Toutefois, dans le secteur de l’industrie légère à faible valeur, la migration des usines de la Chine vers les pays frontaliers clés n’a pas cessé, malgré la récente actualité mondiale. Comme on le voit dans le Tableau 1, les marchés frontières clés comme le Vietnam, le Cambodge et le Bangladesh se sont engagés sur les sentiers battus de l’industrialisation, tracés par le Japon dans les années 1950 et 1960, creusés par la Corée, Taïwan et Hong Kong dans les années 1970 et 1980, puis par la Chine, à très grande échelle, dans les années 1990.
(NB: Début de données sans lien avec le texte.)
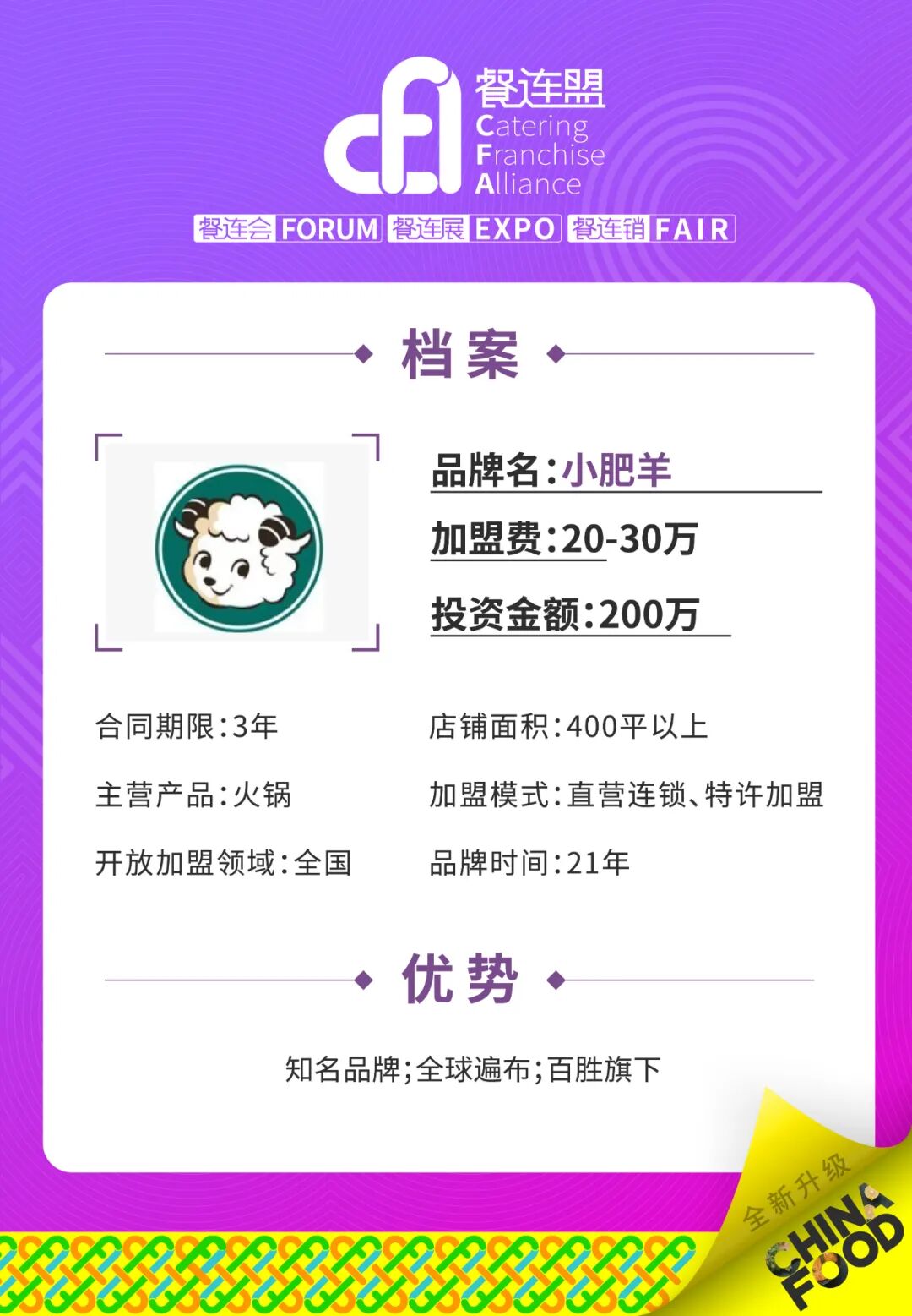 品牌简介小肥羊1999年8月创立于内蒙古包头市,目前在中国大陆、港澳地区和国际市场拥有近400家连锁餐厅,是令中国人引以为豪连锁品
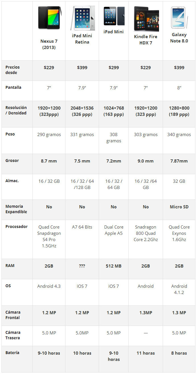 iPad mini Retina vs Nexus 7 vs Galaxy Note 8 vs Kindle Fire HDX – Guerra de Tablets (Especificaciones)
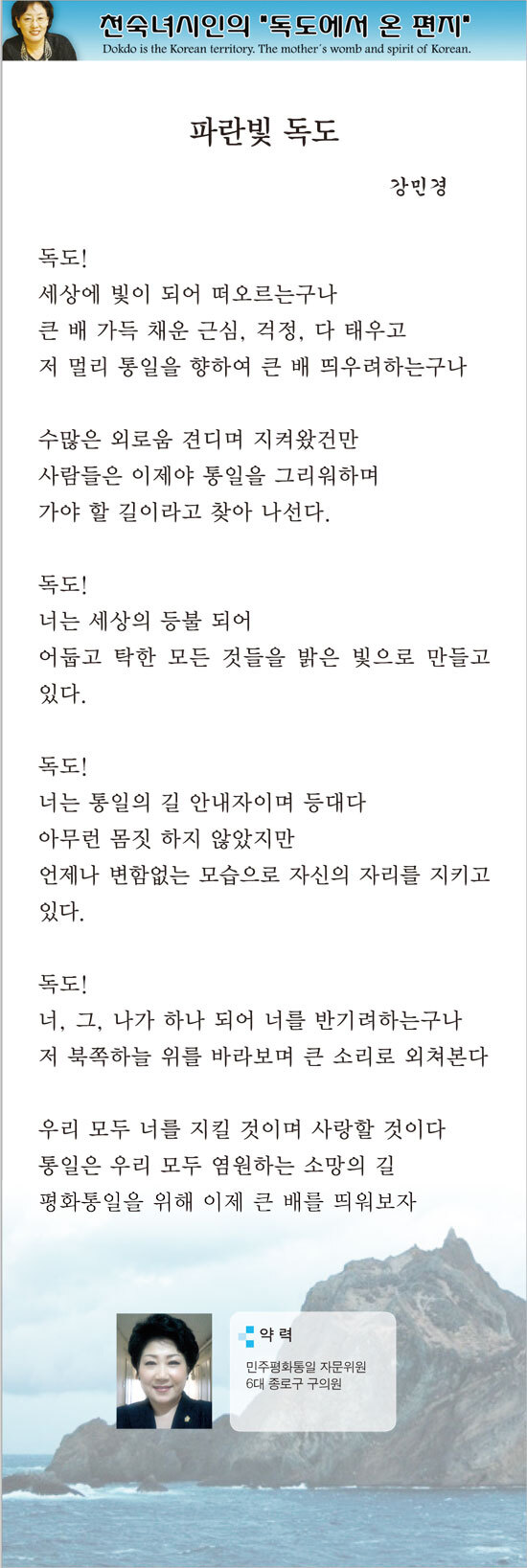 관련기사 [독도시] 부끄럽지 않느냐 - 전서영 [독도시] 독도 슈퍼마켓 - 이숙영 [독도시] 독도 - 무애자 청학 [독도시] 독도는 본토 지킴이 - 김일영 [독도시] 독도는 역사다 - 김종길 日정부 ‘한국 독도시설 중단’ 외교 성과로 자평 [독도시] 섬장대 - 고봉선 [독도시] 독도 처음 마주 하던 날 - 정영화 [독도시] 제 60주년 독도대첩 기념식 및 독도의용수비대원 합동 봉안을 추모하며 - 천숙녀 [독도시] 독도 - 탐욕 - 이규양 [독도시] 독도는 초계정 - 위맹량 [독도시] 개흙으로 보지 마라 - 이옥천
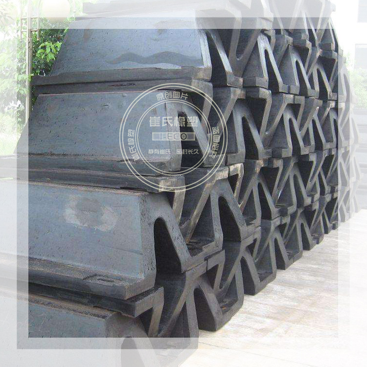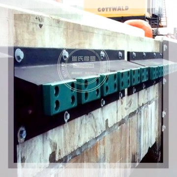橡膠護舷是在D型護舷基礎(chǔ)上開發(fā)的一種變形產(chǎn)品,原D型護舷為中間錨固,使用時容易造成護舷脫落。超級D型護舷為內(nèi)埋整體鋼板,雙排錨固,加之錨固螺栓加大,其錨固力比原D型護舷增大二位左右,使用表明,其錨固力滿足設(shè)計要求,受到設(shè)計和使用單位歡迎。
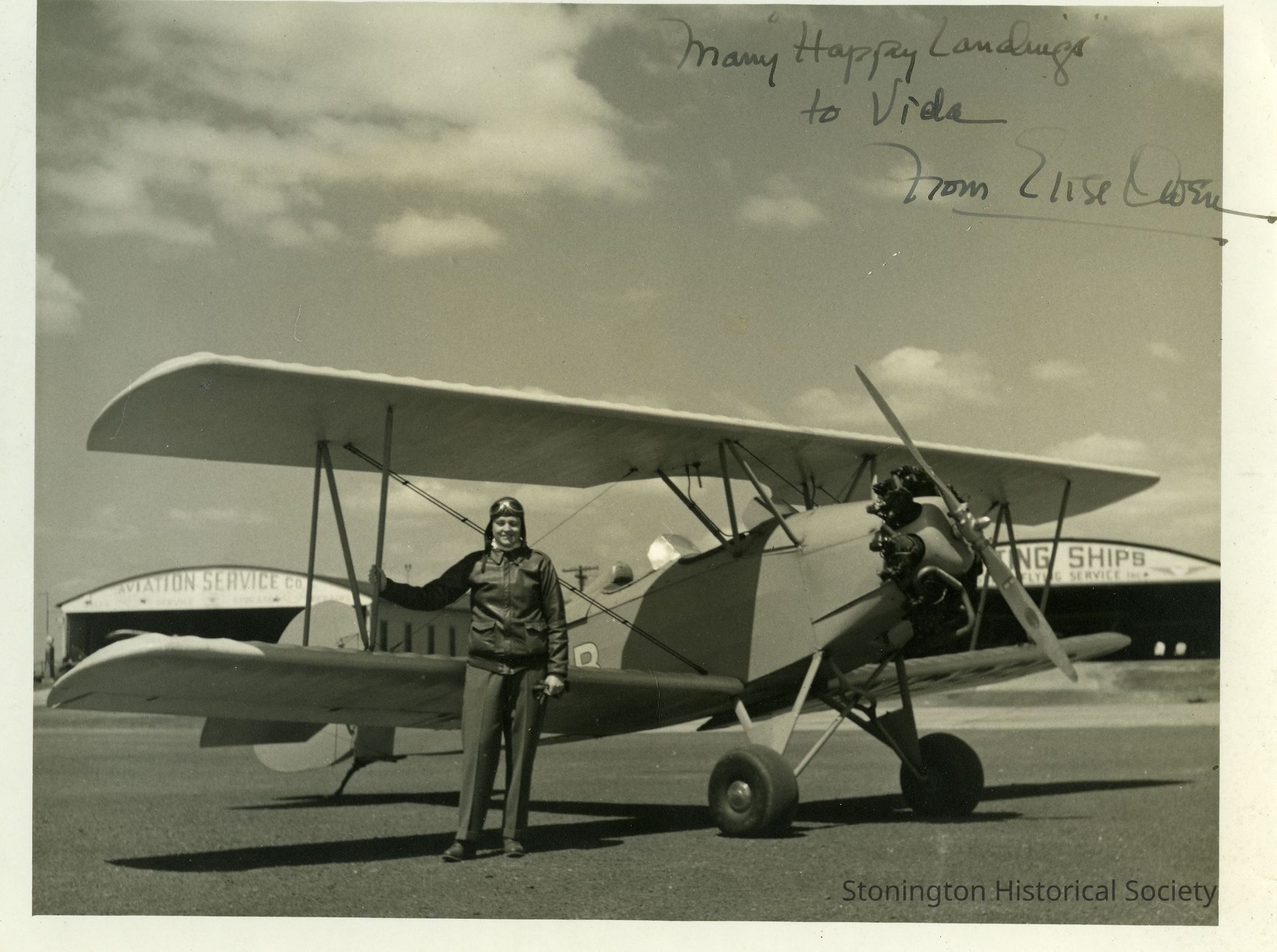 "Elise Own and 'Fleet' (took private flight test in this ship) on back

Malgré les fermetures de frontières et le confinement imposé dans le monde entier, cette tendance se poursuit, les facteurs qui l’alimentent n’ayant pas changé. La Chine reste décidée à grimper le long de la courbe de valeur et à prendre la place qui lui revient dans le groupe des puissances manufacturières mondiales, aux côtés des États-Unis, de l’Union européenne et du Japon. Le pays entend s’imposer dans des secteurs comme la robotique, l’aéronautique et, de plus en plus, les semiconducteurs, étant donné sa forte dépendance aux importations américaines. Par conséquent, la Chine souhaite délaisser la fabrication de produits comme les chaussures, les textiles et les jouets en plastique, pour lesquels son avantage concurrentiel est moindre parce que les coûts de main-d’œuvre sont plus bas dans des pays comme le Vietnam.
L’année 2020 est une année importante pour les investisseurs axés sur les marchés émergents frontaliers qui se concentrent sur la tendance décrite ci-dessus. Comme le montre le Tableau 2, il y a 10 ans, l’indice MSCI MÉF était dominé par les pays du Moyen-Orient comme les Émirats arabes unis et le Qatar. Ces pays étaient considérés comme « frontaliers », non parce que leur développement économique n’en était qu’à ses débuts (comme dans le cas du Kenya), mais parce que leurs marchés financiers étaient très sous-développés. Au cours de la décennie qui a suivi, ces pays ayant modernisé leurs marchés boursiers et leurs processus de règlement des opérations, ils ont été élevés au rang de marchés émergents, aux côtés du Mexique et de la Pologne, notamment. C’est en 2020 que s’achève le processus et le Koweït est censé changer de catégorie d’ici novembre. C’est un changement d’importance parce que le Koweït représente plus de 18 % de l’indice des MÉF.
Sa sortie fera augmenter les pondérations de nombreux pays d’Asie du Sud-Est comme le Vietnam et les Philippines. On voit aussi dans le Tableau 2 que le poids de l’Asie passera d’environ 10 % de l’indice MÉF il y a plus de 10 ans à plus de 40 % d’ici la fin de 2020 et c’est le secteur manufacturier qui sera le plus représenté au sein de l’indice, actuellement axé sur les pays producteurs de pétrole. Pour les investisseurs, c’est important parce que cette transition fera mieux coïncider l’univers de placement des pays frontaliers avec leurs objectifs de placement, c’est-à-dire une exposition à des économies se trouvant dans leurs premières phases de développement et qui sont comparables aux marchés émergents traditionnels, comme l’étaient la Chine et la Corée il y a 25 ou 30 ans.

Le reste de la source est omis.